> **What the task asks**
Exact transcription of the following records is needed, with every picture dropped.
========
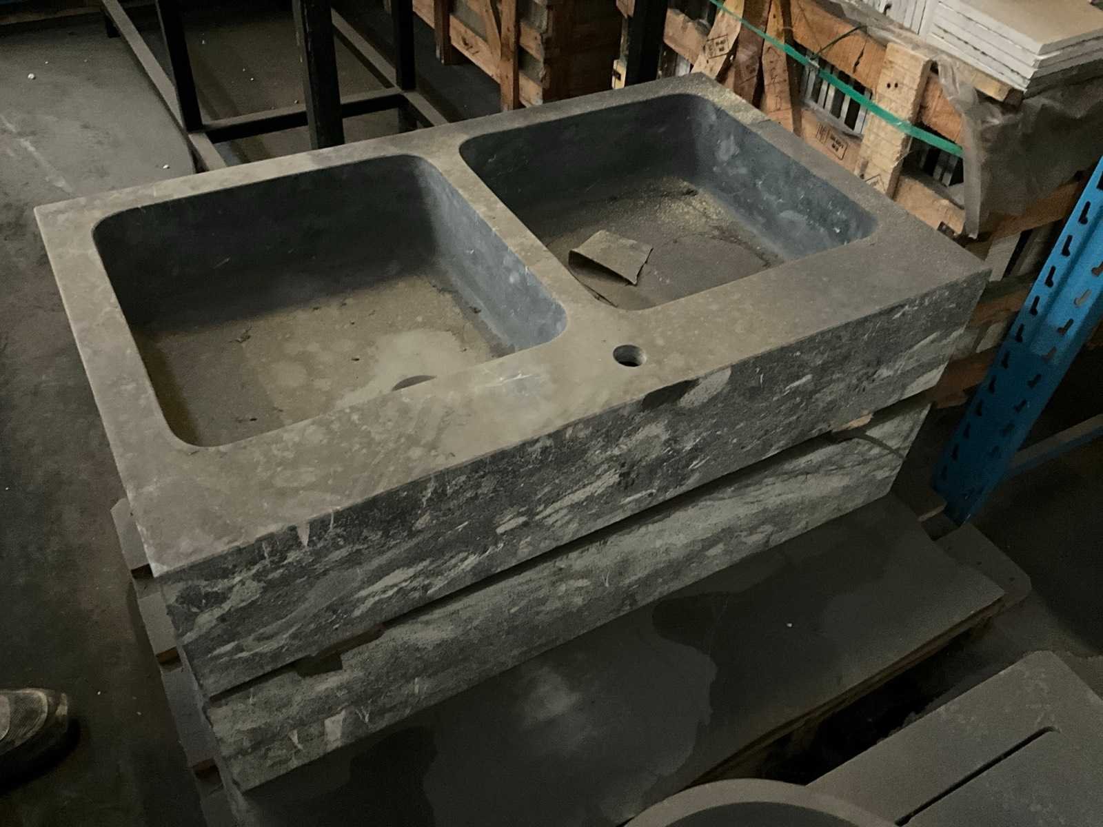 Massief blauwsteen dubbele wastafel
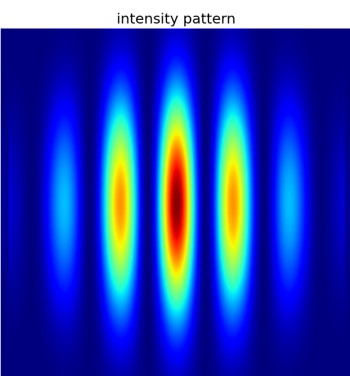 I = Intensity(2,F)The result is plotted using the fantastic matplot routines. We are not interested in axis around the pattern and we like to write a title above the plot.
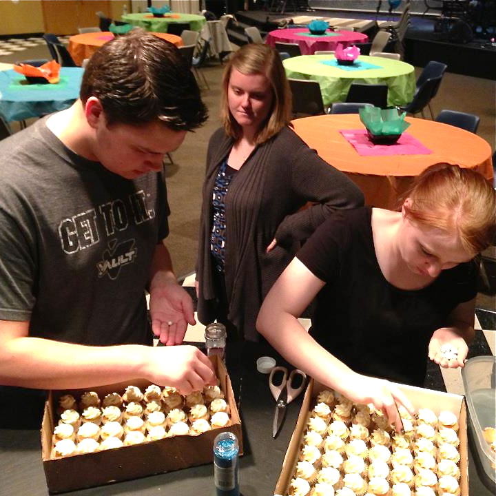 • Use a cake pop to spread batter evenly into bottom of liner and then leave the cake pop in the center.
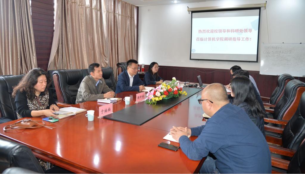 10月21日上午,副校长谢申祥就提升科学研究工作来计算机科学与技术学院进行调研指导。科研处处长马恩涛,副处长于楠楠、孔振焕参加调研,会议由马恩涛主持。学院党政领导班子、办公室、教师代表参加了调研会。
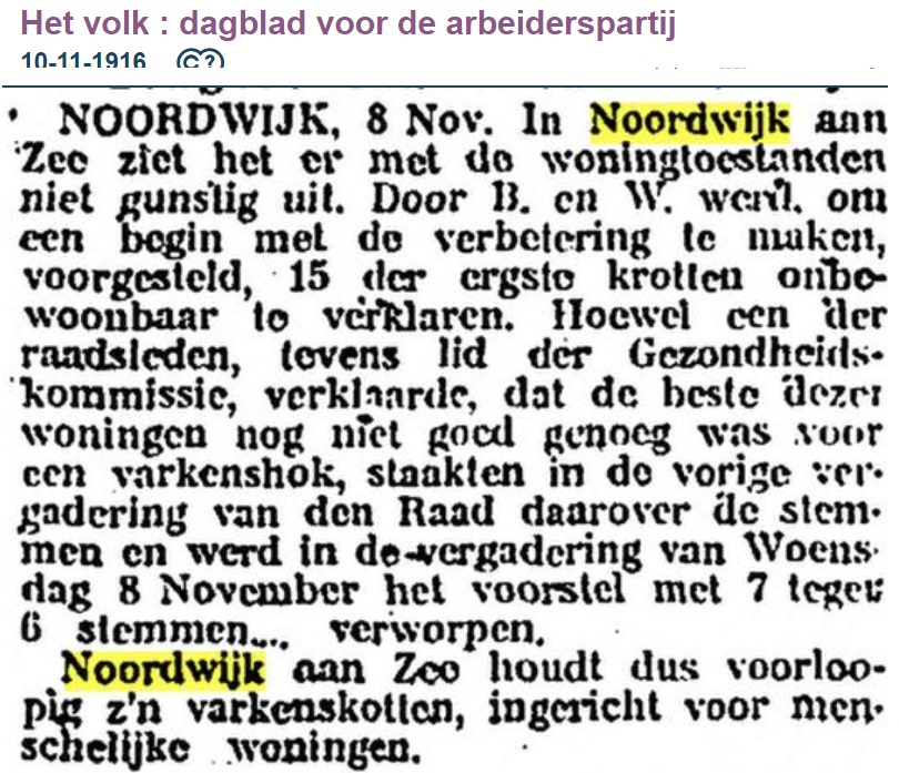 De Noordwijkse correspondent van “Het Volk”, lijfblad van de SDAP, had niet veel op met het openbaar bestuur in Noordwijk in 1916. We zagen al eerder een uitermate kritisch artikel van zijn hand, maar deze mag er ook wezen.
========
> **Answer for this exercise**
 Massief blauwsteen dubbele wastafel
 I = Intensity(2,F)The result is plotted using the fantastic matplot routines. We are not interested in axis around the pattern and we like to write a title above the plot.
 • Use a cake pop to spread batter evenly into bottom of liner and then leave the cake pop in the center.
 10月21日上午,副校长谢申祥就提升科学研究工作来计算机科学与技术学院进行调研指导。科研处处长马恩涛,副处长于楠楠、孔振焕参加调研,会议由马恩涛主持。学院党政领导班子、办公室、教师代表参加了调研会。
 De Noordwijkse correspondent van “Het Volk”, lijfblad van de SDAP, had niet veel op met het openbaar bestuur in Noordwijk in 1916. We zagen al eerder een uitermate kritisch artikel van zijn hand, maar deze mag er ook wezen.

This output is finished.